**Task item**
Instruction for the entries that follow: retype exactly the lines from the line with "Vitahair to wieloskładnikowy" to the line with "Đường SMA20 tương", both included, and omit all others.

**Records supplied**

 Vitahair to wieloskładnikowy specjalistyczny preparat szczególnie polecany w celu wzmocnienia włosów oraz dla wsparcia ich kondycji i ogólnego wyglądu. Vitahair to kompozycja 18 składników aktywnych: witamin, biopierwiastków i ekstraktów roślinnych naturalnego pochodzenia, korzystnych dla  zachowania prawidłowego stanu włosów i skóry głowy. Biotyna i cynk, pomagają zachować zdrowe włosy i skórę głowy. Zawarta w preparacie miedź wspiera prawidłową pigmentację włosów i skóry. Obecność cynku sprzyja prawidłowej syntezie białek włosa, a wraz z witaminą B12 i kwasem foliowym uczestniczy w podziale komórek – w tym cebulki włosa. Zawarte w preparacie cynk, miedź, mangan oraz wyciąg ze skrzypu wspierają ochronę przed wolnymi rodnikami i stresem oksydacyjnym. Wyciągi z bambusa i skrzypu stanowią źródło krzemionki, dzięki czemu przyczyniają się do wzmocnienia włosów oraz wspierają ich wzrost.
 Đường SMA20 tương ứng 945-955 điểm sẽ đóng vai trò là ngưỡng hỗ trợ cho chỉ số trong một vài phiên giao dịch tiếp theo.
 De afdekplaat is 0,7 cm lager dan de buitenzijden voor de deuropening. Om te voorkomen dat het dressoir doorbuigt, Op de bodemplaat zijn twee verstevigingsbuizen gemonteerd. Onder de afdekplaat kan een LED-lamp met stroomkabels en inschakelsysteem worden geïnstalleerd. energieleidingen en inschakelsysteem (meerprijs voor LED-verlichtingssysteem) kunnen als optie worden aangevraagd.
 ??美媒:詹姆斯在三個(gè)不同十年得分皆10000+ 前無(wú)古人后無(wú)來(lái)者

--

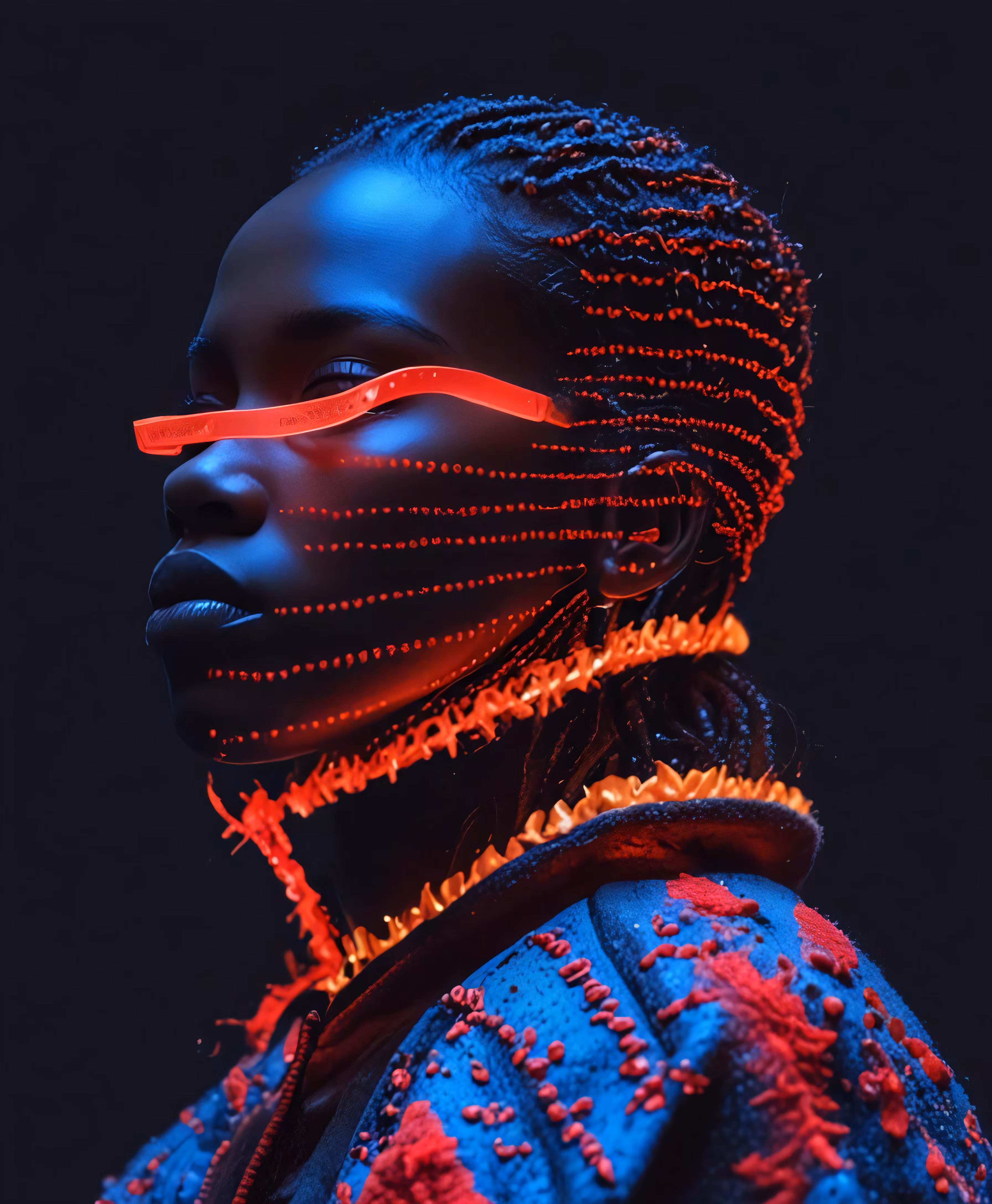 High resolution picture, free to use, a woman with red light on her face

**Exercise output**
 Vitahair to wieloskładnikowy specjalistyczny preparat szczególnie polecany w celu wzmocnienia włosów oraz dla wsparcia ich kondycji i ogólnego wyglądu. Vitahair to kompozycja 18 składników aktywnych: witamin, biopierwiastków i ekstraktów roślinnych naturalnego pochodzenia, korzystnych dla  zachowania prawidłowego stanu włosów i skóry głowy. Biotyna i cynk, pomagają zachować zdrowe włosy i skórę głowy. Zawarta w preparacie miedź wspiera prawidłową pigmentację włosów i skóry. Obecność cynku sprzyja prawidłowej syntezie białek włosa, a wraz z witaminą B12 i kwasem foliowym uczestniczy w podziale komórek – w tym cebulki włosa. Zawarte w preparacie cynk, miedź, mangan oraz wyciąg ze skrzypu wspierają ochronę przed wolnymi rodnikami i stresem oksydacyjnym. Wyciągi z bambusa i skrzypu stanowią źródło krzemionki, dzięki czemu przyczyniają się do wzmocnienia włosów oraz wspierają ich wzrost.
 Đường SMA20 tương ứng 945-955 điểm sẽ đóng vai trò là ngưỡng hỗ trợ cho chỉ số trong một vài phiên giao dịch tiếp theo.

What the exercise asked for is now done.